Start small; it's easy. Let me tell you: anything you do -- providing the raw data, posting any small scripts, detailing the versions of programs you used together with their parameters -- will be tremendously welcome to anyone trying to validate or build off your paper. This includes you yourself, in 2 years.

Myth 2: Incomplete reproducibility is useless

20% or 50% or 60% or 80% is all better than 0%. Sure, 100% is better than 80%, but it might be a lot more work to get to 100% rather than 80%, so why not start small and target something that seems achievable first? (It's OK, I give you permission!)

In practice, anything you do will be useful. (See #1.)

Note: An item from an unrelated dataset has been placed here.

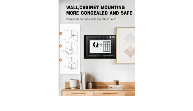 【Multi-scene Use】The digital electronic password safe with two bolts, package contains screws for fixing use, you can fix the hidden safe box on walls, floors, or cabinets, and also be used as a portable money box. Suitable for home, office, hotel, and other places as a storage device like a wall safe to protect your valuables.
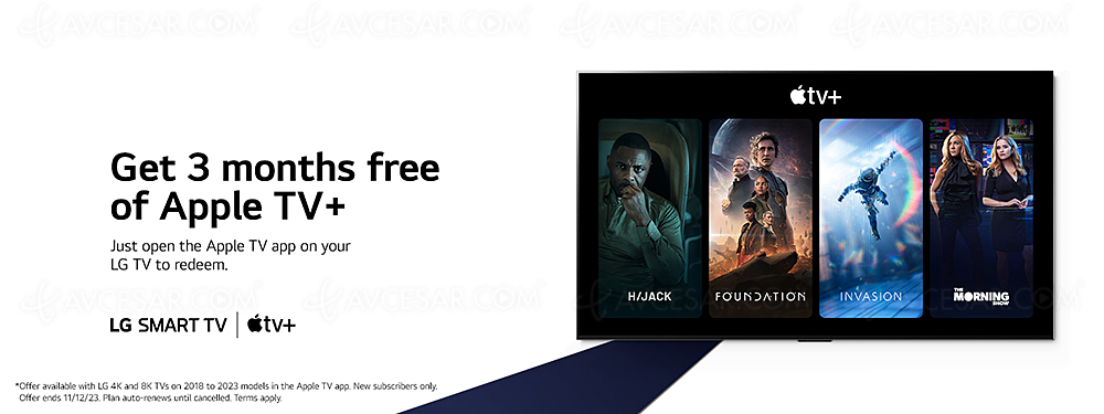 A través de la aplicación Apple TV, los propietarios de LG Smart TV pueden acceder a una prueba gratuita de tres meses para la plataforma de streaming Apple TV+. Tenga en cuenta que la oferta es válida hasta el 12 de noviembre y se refiere a los modelos de televisores Ultra HD 4K y UHD 8K comercializados de 2018 a 2023, es decir, equipados con WebOS 4.0 hasta WebOS 23.

Myth 3: We need new platforms for reproducible computational science

Engineers like building stuff. It sure is easier (and hence more fun, at least in the short term) than doing science. But what we need right now is scientists actually using stuff that already exists, not engineers building new stuff that no one will ever use.

Every year at PyCon there's a fresh, new batch of eager young programmers who are interested in Open Science. Awesome! But they seem to spend a lot of time talking about how new software is needed. My message to them? However glamorous it may seem at first to build something new, you're wasting your time. Go help some scientists use existing software, instead.

Also: to a first approximation, IPython Notebook and knitr have won. Sure, they may not be everything you want or feel is needed, but they've hardly got any market penetration in science yet. I submit that you are more likely to make a difference by actually _using_ something imperfect than you are by trying to build something perfect. If, after you publish a paper or two and have some use cases that aren't met by existing tools, I will enthusiastically endorse you writing a new tool :).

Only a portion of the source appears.